Ultimately more capacity requires more storage cells per die, but sticking to a single-layer, planar approach while relying on Moore’s law to solve the area issue was not going to deliver the solution. Instead, flash manufacturers have been moving into the third dimension, developing 3D approaches that generate flash memory which looks similar to a high-rise building, and this in ever-increasing numbers of layers (figure 3).
Next generation flash technology
Manufacturers such as Toshiba have made significant investments in flash technology with their 3D NAND BiCS (Bit Column Stacked) technology being introduced in 2007. Having initially started with a 48-layer approach, further development has grown this to 64 layers with BiCS3 and, most recently, 96 layers with BiCS4. Not only does the 3D approach deliver more capacity, it also results in higher data transfer speeds.
However, this advantage can quickly be lost again once the die is packaged due to the impact of the wire bonding. To resolve this challenge, new approaches had to be developed to improve die-to-package connectivity, resulting in Through Silicon Via (TSV) technology. This shortening in the electrical pathways delivers benefits in data transfer speeds and power savings as well as simplifying die-to-die bonding in stacked-die solutions.
The increase in available speed has also impacted the standardised interfacing technologies for both PCs and laptops, with NVMe slowly replacing SAS/SATA, and UFS growing in popularity over the traditional eMMC standard.

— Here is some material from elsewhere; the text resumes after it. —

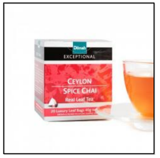
Exceptional Ceylon Spice Chai
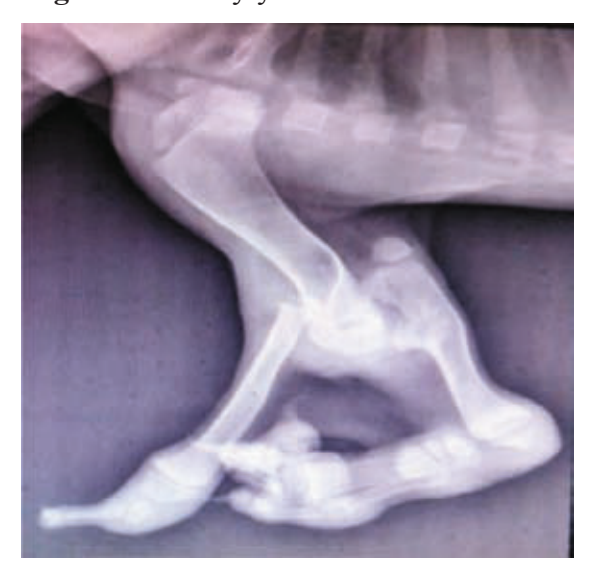
Fig. 2 Radiograph showing abnormal elbow and carpal joint

Medio-lateral radiographic view of left forelimb (Fig. 2) revealed splitting of the limb into two from the level of elbow with separation of radius and ulna along with the associated soft tissues, extending through the carpal joint. Ulna was short compared to radius. In the carpal joint, radial carpal bone was entirely separated from remaining ones.

A further quantum growth in storage capacity has been made possible with the introduction of quad-level cell storage (QFC), placing four bits in each cell. As a result, single package devices with 2.66TB of storage are now possible based upon the use of 16 stacked die, each of 1.33Tbit capacity. The first SSDs featuring BiCS4 flash include the client NVMe M.2 XG6 series as well as the BG4 series of single BGA packed devices.
Aggregating flash storage in data centres
Although SSDs can deliver significant performance improvements over alternative storage media, they are still coupled with a significant capital expenditure. With this in mind, Toshiba has been developing a software solution that enables data centres the ability to maximise usage of this high-value resource with minimal overhead.
Traditionally, the direct attached storage (DAS) binds the selected storage to server hardware. This typically results in servers whose CPUs are underutilised, or whose storage is not used to full capacity.
With the widespread use of high-speed, low-latency networking technology, it is possible to disaggregate storage and CPU. This enables the creation of a pool of SSD-based high-speed storage that is available for use by a collection of high-performance processing hardware. The approach, known as NVMe over Fabrics (NVMe-oF) is delivered by the software KumoScale (figure 4). The result is an optimal allocation of storage capacity and performance at each node, with the shared NVMe resource delivering DAS-like performance.
It is incredible to see how flash technology has impacted our lives in little more than a generation. From massive computing platforms, to humble, light-weight and compact sensors, flash memory has provided, and continues to provide, durable, low-power, high-speed storage that is suited to a mass of applications.
Furthermore, with the continued investment and research being undertaken by suppliers such as Toshiba, consumers will continue to see the benefits that result from advances in flash memory technology in their smartphones and computers, as well as indirectly through cloud services and machine learning technologies.